Search Engine Hacking

Search engines, by definition, are used to find and locate information on the World Wide Web. In addition to using search engines to search for information, attackers have ways of using search engines to identify and locate vulnerabilities and confidential data.

Using search engines to find vulnerabilities offers a way for attackers to probe a network without the target’s knowledge since the entire search request and response come from the search engine and not the target. The attacker doesn’t leave a footprint since he is not sending information to the target. Attackers also use a cached page to view the information, instead of accessing the site directly, which creates another layer of protection for them.

Google Hacking

Numerous books and presentations discuss how to gather “sensitive” information from Google.
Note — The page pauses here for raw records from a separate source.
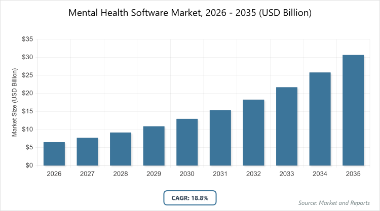 According to MarketnReports, the global Mental Health Software market size was estimated at USD 6.51 billion in 2025 and is expected to reach USD 35 billion by 2035, growing at a CAGR of 18.8% from 2026 to 2035. Mental Health Software Market is driven by increasing awareness of mental health issues and the adoption of digital solutions for behavioral health management.
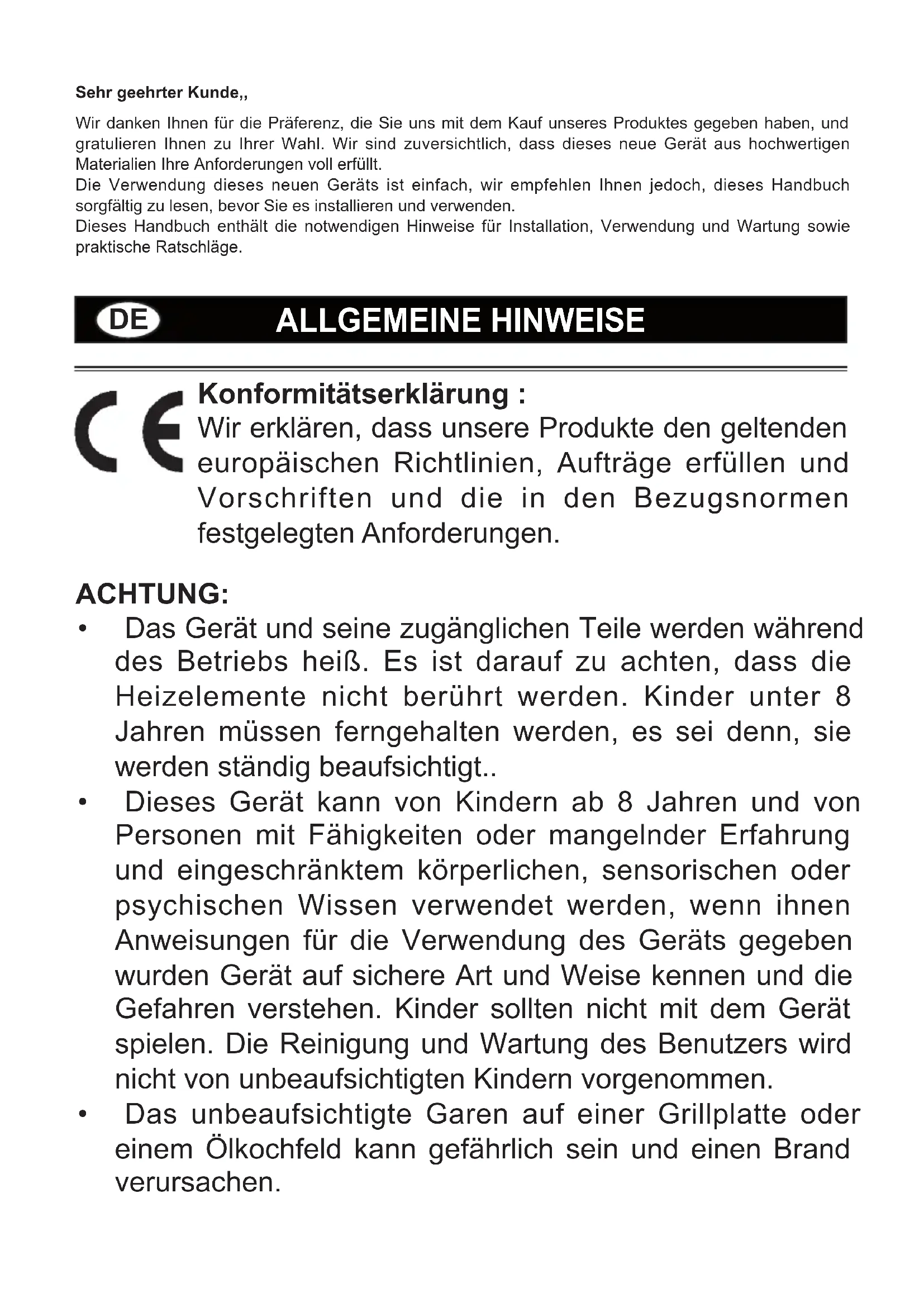- Das Gerät und seine zugänglichen Teile werden während des Betriebs heiß. Es ist darauf zu achten, dass die Heizelemente nicht berührt werden. Kinder unter 8 Jahren müssen ferngehalten werden, es sei denn, sie werden ständig beaufsichtigt..
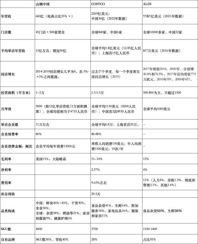 我做過一張圖,大致比較Costco、山姆中國和ALDI的經(jīng)營數(shù)據(jù)。

Attackers can use Google to gather basic information such as contact lists, internal documents, and top-level organizational structures, as well as locate potential vulnerabilities in an organization’s web application.

Attackers can use a specific type of search query, called a dork, to locate security issues or confidential data. Attackers can use dorks to obtain firewall logs and customer data, and to find ways to access an organization’s database.

Security professionals have developed public databases of dorks. Dork databases exist for several different search engines; the most common dork database is the Google Hacking Database.

Note

The Google Hacking Database (GHDB) is a great resource for finding dorks that can aid an attacker. The GHDB is located at http://johnny.ihackstuff.com/ghdb/.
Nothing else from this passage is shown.